━━ DATA EXTRACTS ━━
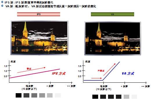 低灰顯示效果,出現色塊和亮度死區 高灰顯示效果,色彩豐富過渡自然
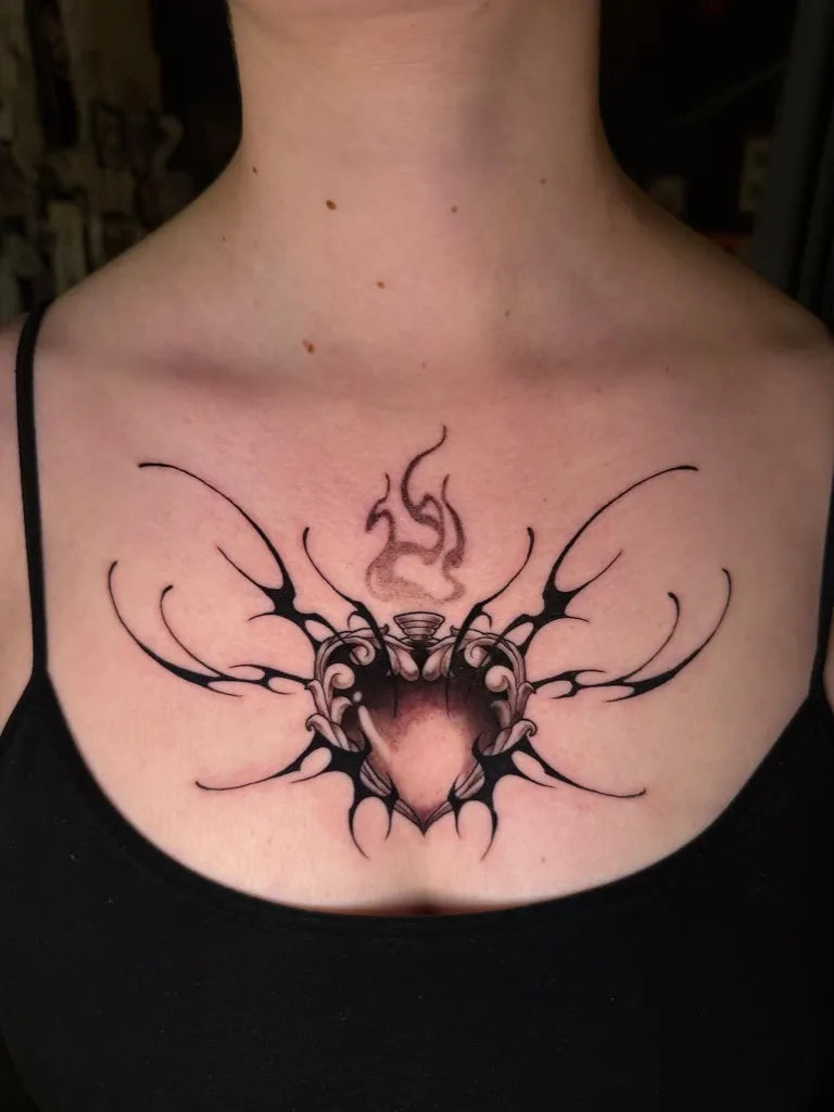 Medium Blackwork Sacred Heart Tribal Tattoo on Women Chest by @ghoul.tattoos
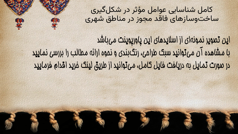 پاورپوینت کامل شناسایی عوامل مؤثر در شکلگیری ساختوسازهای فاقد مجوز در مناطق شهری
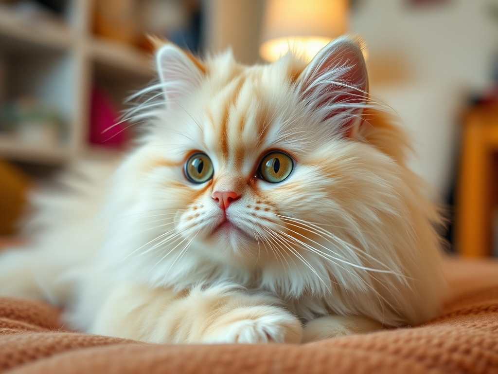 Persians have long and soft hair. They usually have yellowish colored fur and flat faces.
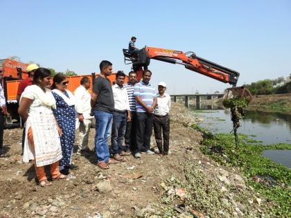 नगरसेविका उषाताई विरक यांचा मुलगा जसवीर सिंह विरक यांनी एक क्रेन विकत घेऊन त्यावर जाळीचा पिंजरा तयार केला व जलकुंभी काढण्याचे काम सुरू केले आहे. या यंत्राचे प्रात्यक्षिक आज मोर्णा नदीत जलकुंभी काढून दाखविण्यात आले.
━━━
§ WHAT TO WORK ON
Restate word for word every line from the one with "پاورپوینت کامل شناسایی" up to and including the one with "Persians have long" in the records above, minus the pictures.

§ YOUR RESPONSE
 پاورپوینت کامل شناسایی عوامل مؤثر در شکلگیری ساختوسازهای فاقد مجوز در مناطق شهری
 Persians have long and soft hair. They usually have yellowish colored fur and flat faces.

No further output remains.